David Miliband: Syria has 'returned to Dark Ages' as global community unable to solve conflict
Syria has returned "to the Dark Ages" since the civil war erupted in the country in 2011 according to former UK foreign secretary David Miliband, brother of Labour Party leader Ed Miliband.
During an interview with the Today programme, Miliband said that the international community's attempt to help solve the Syrian conflict has been inadequate and that this raises questions about its capability to respond to humanitarian crises.
"What we are seeing is the literal and metaphorical return to the Dark Ages in Syria today," he said, citing a report on the situation in Syria published on Thursday (12 February).
"The report shows that 83% of the lights are out in Syria, but metaphorically we're going back to the Dark Ages with barrel bombings of civilians by their own government, with aid workers and doctors being targeted, this is a rolling back of some of the most basic norms and laws of war."
The Syrian civil war has pitted President Bashar al-Assad supporters against rebels, causing the deaths of hundreds of thousands of civilians.
According to latest estimates, more than 191,000 people have been killed in the conflict while millions have fled their homes.
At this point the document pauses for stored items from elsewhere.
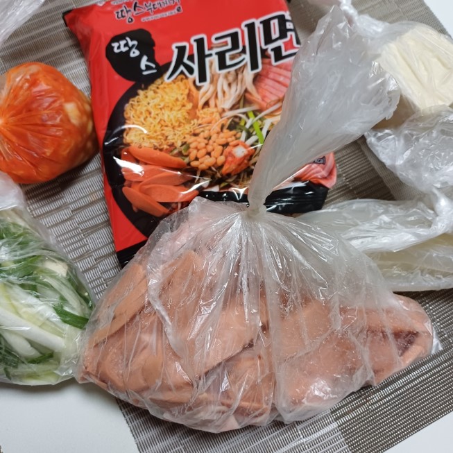 모둠 부대찌개 1 땅스식혜 1 재료들이 소분돼서 봉지에 담겨있어요 당일 손질한 재료라고 하셨고 플라스틱 용기가 아니고 봉지라서 부피도 많이 안 크고 쓰레기 처리하기도 좋았네요 ᄏᄏ 위의 재료를 넣고 끓이면 끝 단짠의 완성으로 식혜까지, 완벽합니다
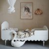 We love the Babushka collection by Wood Luck Design, with its romantic and delightfully vintage style! We adore its refined details and scalloped edge, which give it a uniquely charming touch. Made of beech wood and MDF, this 70 x 140 cm convertible cot features an adjustable mattress base with three height positions. As your baby grows, you can remove three slats on one side to allow your little one to get in and out of bed independently. Additional elements let you transform the cot into a junior bed by removing the four slatted sides. The bed comes with a flexible slatted base, ensuring comfort and optimal support. A matching mattress (70 x 140 cm) is available separately.
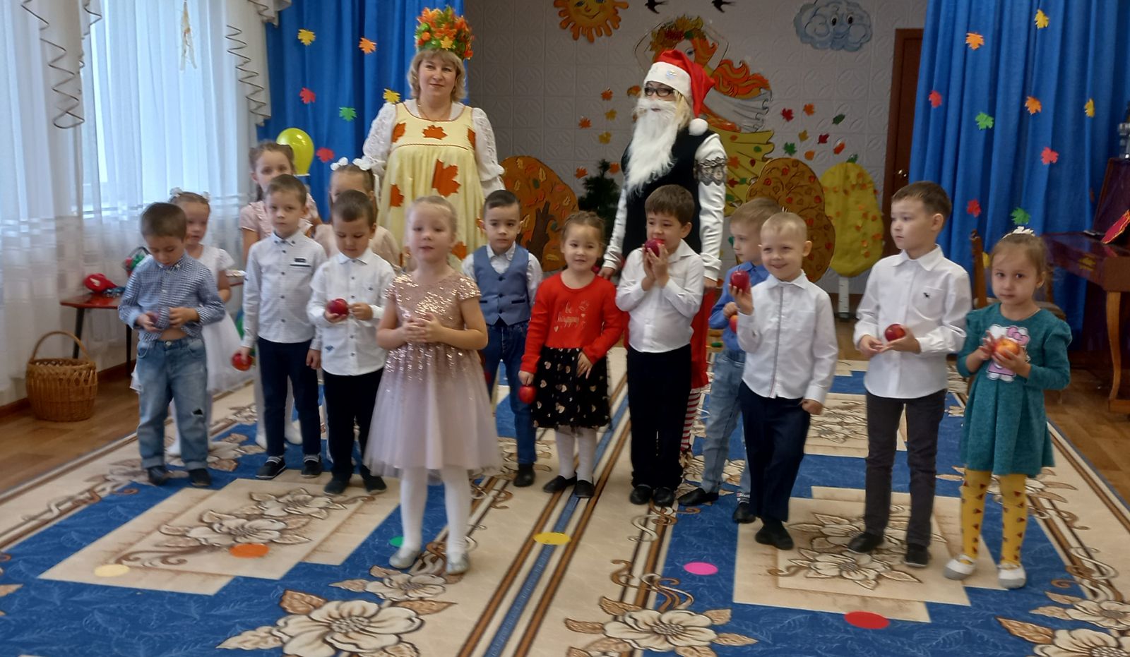 Опубликовано: 22.10.202121 - 22 Октября в нашем ДОУ прошел Осенниие праздники. Дети с удовольствием рассказывали стихи, пели песни, играли в различные игры. В гости к ребятам приходили Гномик, Простуда и Королева Осень. По завершению щедрая Осень угостила ребят вкусными наливными яблочками. Все дети остались довольными и счастливыми. / 21-22 октябрь көннәрендә безнең балалар бакчасында Көзге бәйрәмнәр булып узды. Балалар бик теләп шигырьләр сөйләделәр, җырлар җырладылар, төрле уеннар уйнадылар. Балаларга кунакка Гномик, салкын тию һәм Көз патшабикәсе килде. Юмарт көз ахырында балаларны тәмле салмак алмалар белән сыйлады. Барлык балалар да канәгать һәм бәхетле булып калдылар.
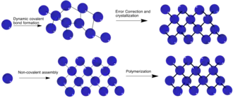 Supramolecular assembly requires non-covalent interactions directing the formation of 2D polymers by relying on electrostatic interactions such as hydrogen bonding and van der Waals forces. To design artificial assemblies capable of high selectivity requires correct manipulation of energetic and stereochemical features of non-covalent forces.[11] Some benefits of non-covalent interactions is their reversible nature and response to external factors such as temperature and concentration.[12] The mechanism of non-covalent polymerization in supramolecular chemistry is highly dependent on the interactions during the self-assembly process. The degree of polymerization depends highly on temperature and concentration. The mechanisms may be divided into three categories: isodesmic, ring-chain, and cooperative.[12]
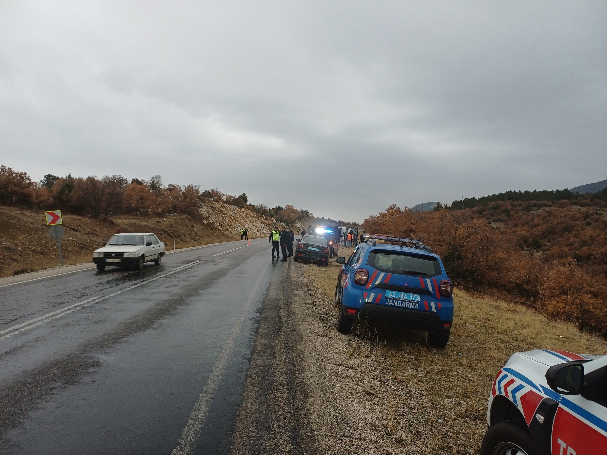 Kaza, sabah saat 07.45 sıralarında Beyşehir ilçesi Huğlu Akseki karayolu üzerinde meydana geldi. Alınan bilgiye göre Durmuş K. idaresindeki 42 GBJ 81 plakalı okul servisi, yağmur nedeniyle kayganlaşan yolda sürücüsünün kontrolünden çıkarak devrildi.

Miliband's comments come a few weeks after the UN warned that Syrians have become the largest refugee population after Palestinians as at least three million people have fled the country since the beginning of the war.
"As long as the international community continues to fail to find political solutions to existing conflicts and to prevent new ones from starting, we will continue to have to deal with the dramatic humanitarian consequences," UN high commissioner for refugees Antonio Guterres said in a statement.
The remarks were made a few weeks after Amnesty International said that only five countries in the world host 98% of all Syrian refugees.
Last December, the UN warned that nearly two million Syrian refugees were facing a food crisis after a lack of funds prompted the UN's World Food Programme (WFP) to stop delivering aid.
Philip Luther, director of Amnesty International's Middle East and North Africa Programme, previously said: "The world's response to the Syria crisis has been woefully inadequate. At the end of 2013 the UN humanitarian appeal, the largest in the organisation's history, was just 70% funded."